What needs to be done –
The required output is the lines below from the line containing "Myydään 56 x" to the line containing "接著登場的是富含視覺效果の辣味嫩雞瘋狂起司筆尖麵 NT420", inclusive, retyped exactly. No other lines belong in it.

#### Extracted entries

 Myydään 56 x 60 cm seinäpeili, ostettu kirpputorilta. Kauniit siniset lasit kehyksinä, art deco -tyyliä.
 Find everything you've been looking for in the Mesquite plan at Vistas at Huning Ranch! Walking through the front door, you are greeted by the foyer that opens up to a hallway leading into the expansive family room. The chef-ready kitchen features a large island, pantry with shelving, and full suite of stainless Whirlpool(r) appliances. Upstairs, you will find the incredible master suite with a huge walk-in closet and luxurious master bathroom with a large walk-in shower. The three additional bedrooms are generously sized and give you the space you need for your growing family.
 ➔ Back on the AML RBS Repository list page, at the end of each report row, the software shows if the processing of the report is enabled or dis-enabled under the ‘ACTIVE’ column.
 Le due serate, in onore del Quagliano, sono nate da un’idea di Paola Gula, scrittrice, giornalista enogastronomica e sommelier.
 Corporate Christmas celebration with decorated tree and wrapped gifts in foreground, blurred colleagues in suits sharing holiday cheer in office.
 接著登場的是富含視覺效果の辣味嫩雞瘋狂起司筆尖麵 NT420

########
#### Extracted entries

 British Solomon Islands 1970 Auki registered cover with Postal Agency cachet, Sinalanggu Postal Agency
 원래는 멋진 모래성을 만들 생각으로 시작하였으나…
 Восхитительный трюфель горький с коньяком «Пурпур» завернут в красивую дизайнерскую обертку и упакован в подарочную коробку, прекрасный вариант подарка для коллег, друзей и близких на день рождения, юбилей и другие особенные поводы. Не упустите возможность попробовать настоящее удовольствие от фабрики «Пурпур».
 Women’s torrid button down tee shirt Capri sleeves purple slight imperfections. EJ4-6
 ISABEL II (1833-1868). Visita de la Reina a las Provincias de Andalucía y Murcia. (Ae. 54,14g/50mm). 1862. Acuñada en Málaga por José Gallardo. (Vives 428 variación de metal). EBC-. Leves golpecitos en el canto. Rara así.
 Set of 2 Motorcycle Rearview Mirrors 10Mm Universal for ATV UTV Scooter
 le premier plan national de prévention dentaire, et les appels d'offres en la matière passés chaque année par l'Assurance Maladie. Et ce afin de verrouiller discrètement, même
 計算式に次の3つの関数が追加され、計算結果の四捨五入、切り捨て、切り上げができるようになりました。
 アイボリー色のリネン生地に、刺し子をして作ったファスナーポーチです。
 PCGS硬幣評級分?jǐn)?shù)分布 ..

########
#### Extracted entries

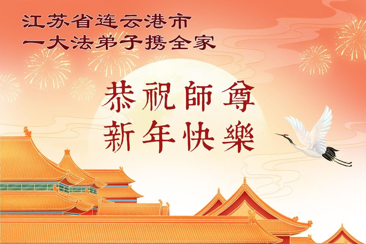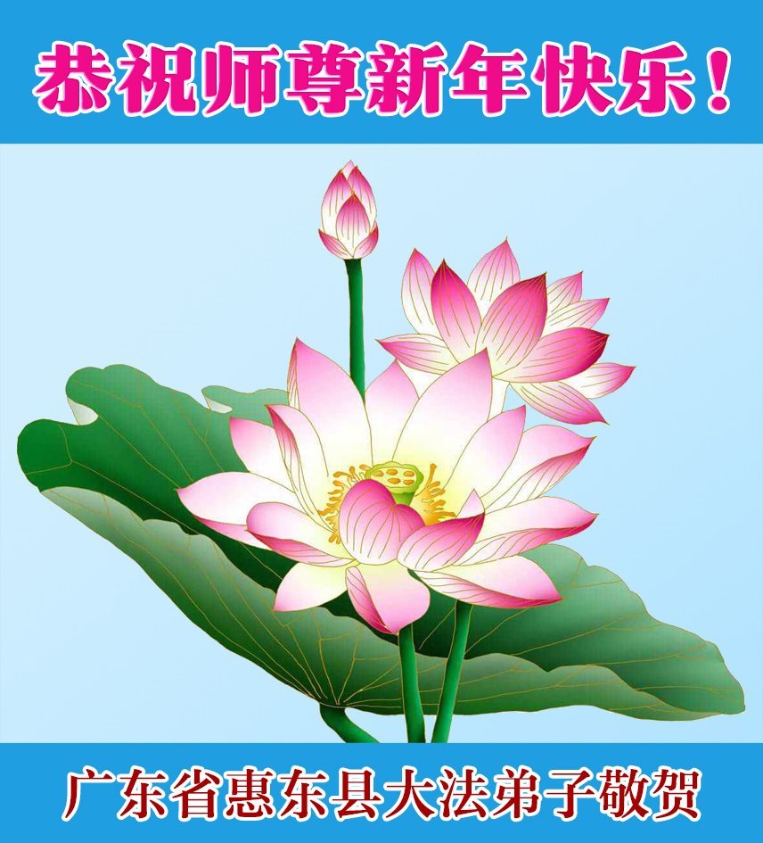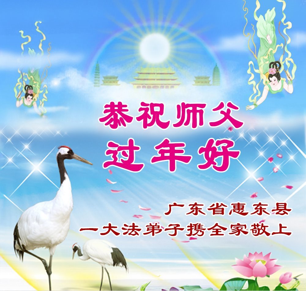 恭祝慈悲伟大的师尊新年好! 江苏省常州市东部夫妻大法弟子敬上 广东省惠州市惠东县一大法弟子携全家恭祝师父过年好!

########

Written reply –
 Myydään 56 x 60 cm seinäpeili, ostettu kirpputorilta. Kauniit siniset lasit kehyksinä, art deco -tyyliä.
 Find everything you've been looking for in the Mesquite plan at Vistas at Huning Ranch! Walking through the front door, you are greeted by the foyer that opens up to a hallway leading into the expansive family room. The chef-ready kitchen features a large island, pantry with shelving, and full suite of stainless Whirlpool(r) appliances. Upstairs, you will find the incredible master suite with a huge walk-in closet and luxurious master bathroom with a large walk-in shower. The three additional bedrooms are generously sized and give you the space you need for your growing family.
 ➔ Back on the AML RBS Repository list page, at the end of each report row, the software shows if the processing of the report is enabled or dis-enabled under the ‘ACTIVE’ column.
 Le due serate, in onore del Quagliano, sono nate da un’idea di Paola Gula, scrittrice, giornalista enogastronomica e sommelier.
 Corporate Christmas celebration with decorated tree and wrapped gifts in foreground, blurred colleagues in suits sharing holiday cheer in office.
 接著登場的是富含視覺效果の辣味嫩雞瘋狂起司筆尖麵 NT420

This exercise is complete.